Council tax payers are paying for the owners of the Millennium Dome to fill jobs at their planned supercasino, it emerged last night.
A senior official from Greenwich Council is working part-time at U.S. billionaire Philip Anschutz’s firm AEG to help the company recruit staff for the vast gambling complex at the Dome.
MPs were outraged that a public servant was assisting Mr Anschutz, who gave John Prescott a cowboy outfit after entertaining him at his ranch.
The disclosure plunged the race for Britain’s first super-casino into further controversy and raised fresh concerns over the close links between Greenwich Council and the entertainment firm. It fuelled suspicions that the bid for a Las Vegas-style casino at the Dome is a done deal – despite seven consortiums competing for the licence.

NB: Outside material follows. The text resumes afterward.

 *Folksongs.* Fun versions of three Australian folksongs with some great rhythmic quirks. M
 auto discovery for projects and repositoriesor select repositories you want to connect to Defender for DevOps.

Building work for the casino at the Dome site – renamed the 02 – is already under way. Even the head of the panel who will recommend which bid should win yesterday admitted the process was one-sided.

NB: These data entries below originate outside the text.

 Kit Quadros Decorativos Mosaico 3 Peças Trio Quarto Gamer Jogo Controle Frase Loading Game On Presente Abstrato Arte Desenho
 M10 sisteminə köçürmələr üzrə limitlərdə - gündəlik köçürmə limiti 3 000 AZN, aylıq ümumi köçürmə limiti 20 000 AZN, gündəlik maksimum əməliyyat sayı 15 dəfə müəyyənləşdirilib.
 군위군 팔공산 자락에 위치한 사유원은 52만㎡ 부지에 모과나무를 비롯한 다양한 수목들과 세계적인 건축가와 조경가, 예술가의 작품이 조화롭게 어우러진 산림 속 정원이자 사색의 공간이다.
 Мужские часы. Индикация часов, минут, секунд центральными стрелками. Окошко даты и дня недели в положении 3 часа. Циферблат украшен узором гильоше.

At a public hearing into the Greenwich bid, Casino Advisory Panel chairman Professor Stephen Crow said there should have been more people objecting to the complex.
While the Anschutz Entertainment Group and Greenwich Borough Council were fully represented – along with a range of local development agencies all backing the bid – just one person, local Anglican leader Malcolm Torry, put the case against it.
He pointed out that while a new casino would generate jobs, many local ethnic minorities would not want them because they oppose gambling on religious grounds. A few seats allocated by the panel to dissenting voices remained empty, including those for the Salvation Army, the CASE campaign against casino expansion and two members of the public who has asked to be present.
Opposition critics dismissed the hearing as a ‚mockery‘, and demanded proper local consultation to restore some credibility.
The one-sided meeting came after the revelation that the woman who ‚faked‘ a letter of support from local religious leaders used to work as a tourism officer for Greenwich council before being hired by AEG. Rosa D’Alessandro’s letter provoked the anger of local Christian, Muslim, Sikh and Jewish leaders and forced AEG bosses into a humiliating apology.
MPs demanded an open investigation into whether council chiefs have broken conflict of interest rules by working hand in glove with AEG.
In the latest development, AEG and Greenwich Council admitted that an unnamed official works three days a week at the entertainment com-pany’s luxury offices in Canary Wharf, but is still paid by the local authority.
They refused to say whether the individual was a man or a woman or how long he or she had worked there.
Tory MP for Monmouth David Davies, who has called for a probe into the links between Greenwich Council and AEG, said: ‚It is absolutely outrageous that the hard-pressed council taxpayers of Greenwich are funding a recruiting sergeant for John Prescott’s cowboy friend Philip Anschutz. Whatever next? Will they try to hire Tessa Jowell as a roulette wheel hostess?‘
Tory culture spokesman Hugo Swire said: ‚We were promised an open and transparent investigation, yet every day there are fresh revelations about the way the awarding of the contract is being handled.
‚It is time for Tessa Jowell to come out of hiding and tell us how she intends to restore any shred of credibility to this flawed process before it is too late.‘
Greenwich Council and AEG both insisted there was nothing wrong with an official working at the firm because it was part of a scheme to find ‚local jobs for local people‘.